Objects can communicate with each other just fine by updating each other's data, in theory. It is a much better system, however, to allow for event-driven logic to guide programming in addition to general-purpose procedural programming. A number of messages can be initiated, either by sprite collisions or other objects, to directly affect the course of objects.
The object that sends the message fires off information to one or more other objects. The program flow of the sender is unaffected. If the sender used an "order" command to send the message, the sender just continues to execute more commands. If the sender and receiver are the same object, the object won't jump to the message label specified.

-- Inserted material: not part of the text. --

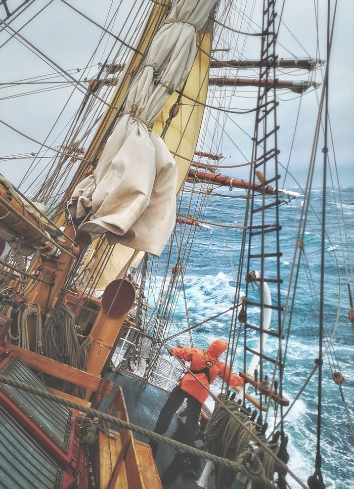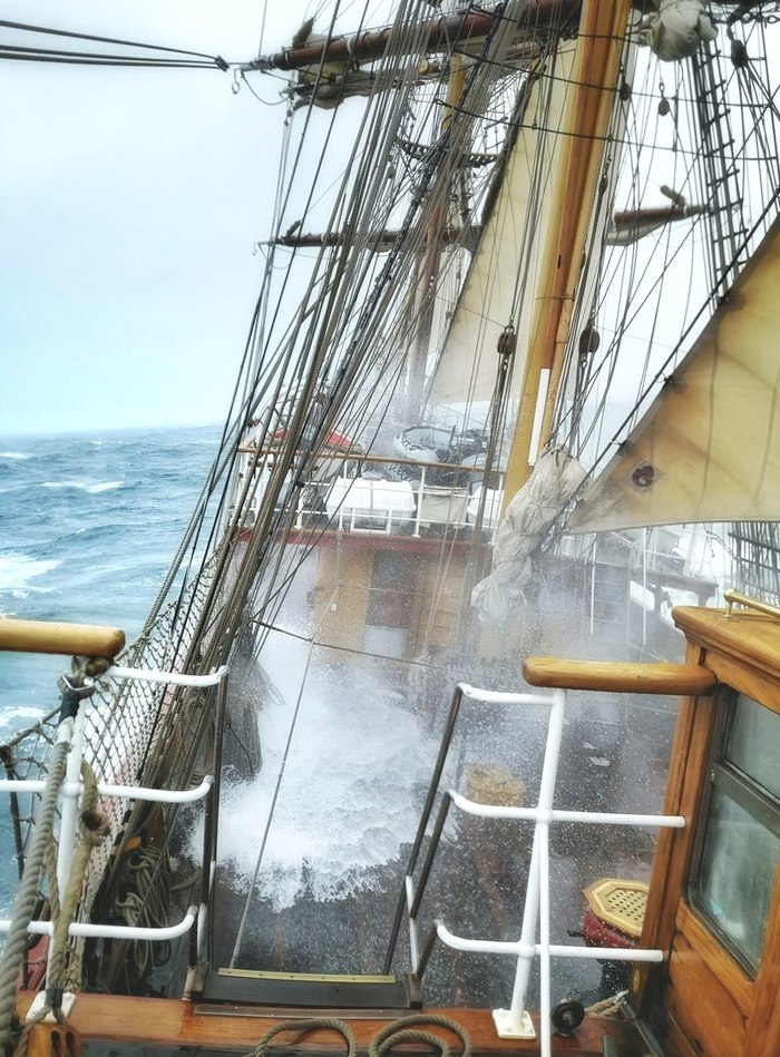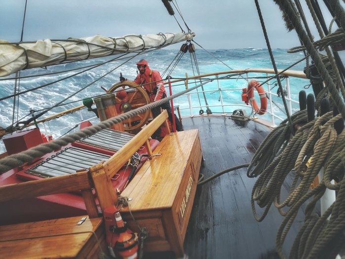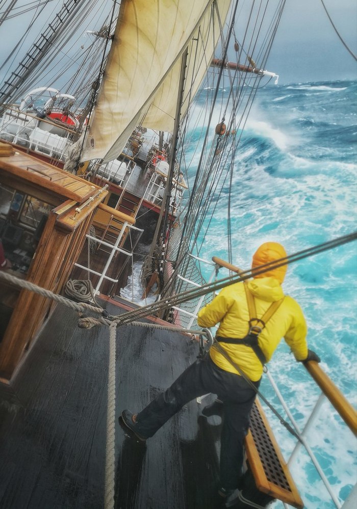 Один из самых запоминающихся моментов нашей экспедиции по Антарктиде - когда мы шли на парусах по проливу Лемэйр. Ветер был сильный, но мы все-таки спустили зодиак и преследовали корабль, фотографируя со стороны.

The object that receives the message jumps to the appropriate
message-related label. If the receiver does not have the correct label, the
message is ignored. If the receiver does have it, the resume
information is set to the previous object script location, and
hobj (if present) becomes a pointer to the sender.
When the receiver gets its turn to execute its object script, a variety of
things may occur. The receiver, which had jumped to the label location in
the script, may choose to continue at this new script location or abort the
location. If continuation is picked, the resume information is set to
invalid at the end of the object's turn. If not, the "resume" command is
executed. This statement tells the command interpreter to forget the
message and proceed where it left off before the message, reseting the
resume information in the process.
The advantage of this system is that an object can test the message
for significance, usually by checking the object type that generated the
message. If it is deemed insignificant, the message can be ignored even
after it is generated.
A message from one object to another accomplishes only one
type of interaction: a two-object interaction. Binary communication systems
obviously fall short of three-object, four-object, or more-object
interactions. If two or more objects try to send a message to a destination
object at the same time, there can only be one piece of "origin" information
deposited in hobj at the time of the message.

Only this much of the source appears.